Замигала свеча, принесенная из коридора. На пороге появился упитанный
юноша, должно быть откормленный маменькин сыночек. От мороза у него горели
щеки, брови и усы посеребрил иней...
- Что-нибудь срочное? - спросил Хмельницкий. Он был уже совсем одет,
как для боевого похода.
- Да, уважаемый пан подстароста, егомость вельможный...
- Говори прямо: привез приказ о выезде моего отряда?.. - перебил
Хмельницкий откормленного юнца.
- Есть приказ. Пускай пан... сию же минуту пошлет гонца в
Звенигородку... чтобы отменили казнь тамошнего надсмотрщика московитина.
- Так велел пан староста?
- Да. Я его джура и гонец... С егомостью паном региментаром из-за
тамошнего надсмотрщика поссорились... Пан обязан спасти жизнь человека.

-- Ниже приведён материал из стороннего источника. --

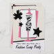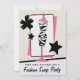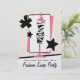 Um partido da troca da roupa de forma convida a caracterização de uma ilustração de um impressão da zebra e de um formulário cor-de-rosa do vestido cercados por estrelas pretas decorativas e por um fundo do rosa, do preto, e o branco. Personalize o texto na parte dianteira e na parte traseira.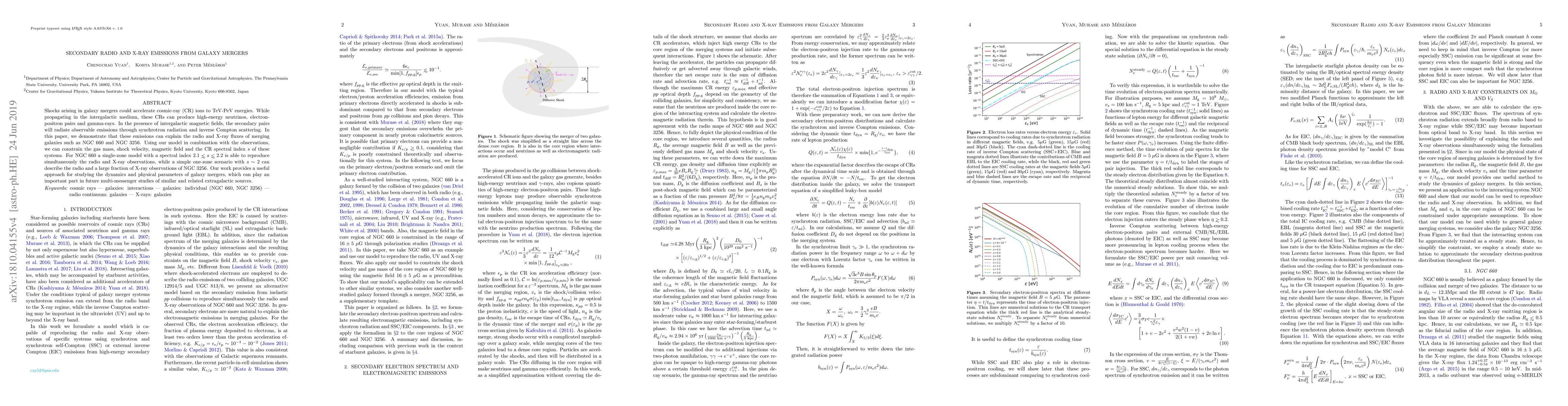 Shocks arising in galaxy mergers could accelerate cosmic-ray (CR) ions to TeV-PeV energies. While propagating in the intergalactic medium, these CRs can produce high-energy neutrinos, electron-positron pairs and gamma-rays. In the presence of intergalactic magnetic fields, the secondary pairs will radiate observable emissions through synchrotron radiation and inverse Compton scattering. In this paper, we demonstrate that these emissions can explain the radio and X-ray fluxes of merging galaxies such as NGC 660 and NGC 3256. Using our model in combination with the observations, we can constrain the gas mass, shock velocity, magnetic field and the CR spectral index $s$ of these systems. For NGC 660 a single-zone model with a spectral index $2.1\lesssim s\lesssim2.2$ is able to reproduce simultaneously the radio and X-ray observations, while a simple one-zone scenario with $s\sim2$ can describe the radio and a large fraction of X-ray observations of NGC 3256. Our work provides a useful approach for studying the dynamics and physical parameters of galaxy mergers, which can play an important part in future multi-messenger studies of similar and related extragalactic sources.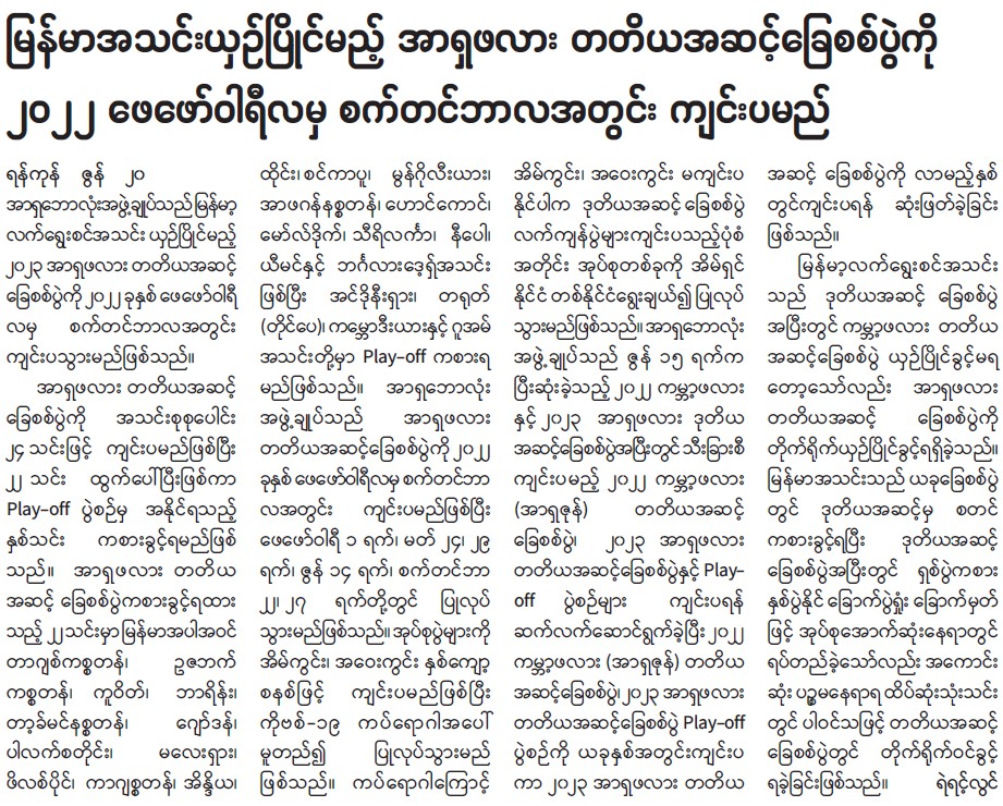 မြန်မာအသင်းယှဉ်ပြိုင်မည့် အာရှဖလား တတိယအဆင့်ခြေစစ်ပွဲကို ၂၀၂၂ ဖေဖော်ဝါရီလမှ စက်တင်လဘာလအတွင်း ကျင်းပမည်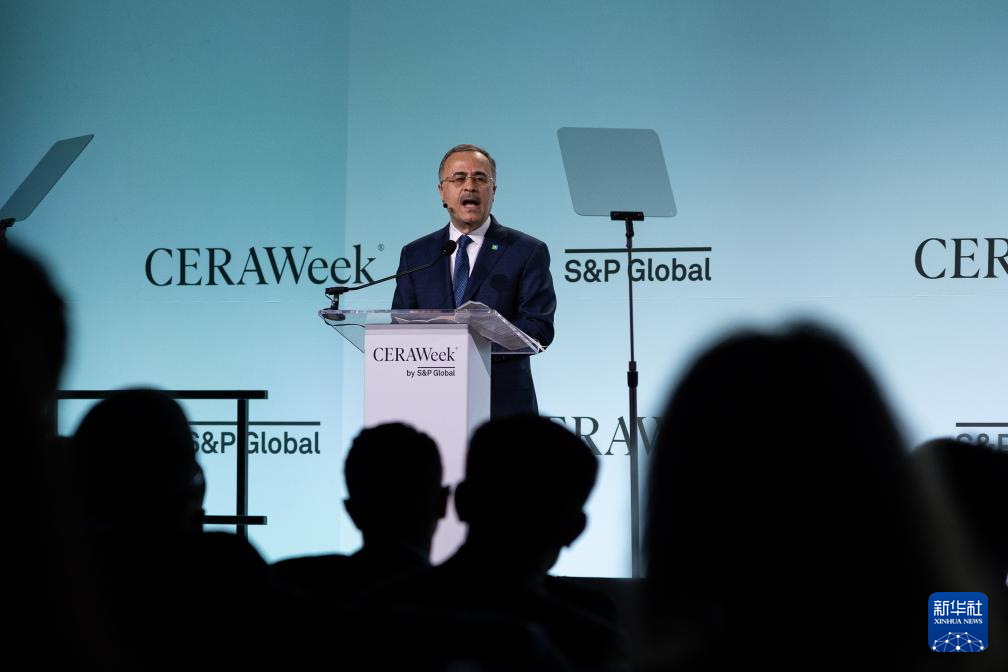 3月18日,沙特阿拉伯国家石油公司总裁兼首席执行官阿明·纳赛尔在美国休斯敦举行的能源界高端会议“剑桥能源周”上分享观点。

Утром его казнят на колу, если вовремя не получат этот приказ пана
старосты.
- Пан Мусий! Кто у нас лучше всего ездит? Самый быстрый... Нет, лучше
послать двоих с подменными лошадьми! Немедленно...
- Тогда мне придется поехать, пан Михайло! Сам должен доставить этот
разумный приказ пана старосты, - произнес Мусий Горленко, подойдя к
Хмельницкому.
- Ты? - И Хмельницкий взял казака за плечи. Глянул ему в глаза, привлек
к себе и крепко поцеловал. - Садись на моего коня, своего бери для
подмены.
- Добро, пан Михайло, сделаю так, как велите. Жизнь Гната теперь
зависит от быстроты самого лучшего нашего жеребца... Василия возьму с
собой.
Хмельницкий в знак согласия только кивнул головой.
После завтрака по богуславской дороге приехала верхом пани Софья
Ружинская со своей свитой. Ее сопровождал возмужавший за эти годы, бравый
ротмистр коронных войск Самойло Лащ. После известных событий в Чигирине
Хмельницкий не встречался с Лащом, но с тех пор они затаили в душе злобу
друг против друга и решили при случае свести счеты. Однако нынешняя
встреча не благоприятствовала этому, да и времени уже уплыло немало с той
поры. Хмельницкий сейчас встретился с солидным ротмистром, а не с
желторотым воробьем, а Лащ увидел перед собой не простого слугу, а
полновластного подстаросту, доверенного человека воеводы Даниловича.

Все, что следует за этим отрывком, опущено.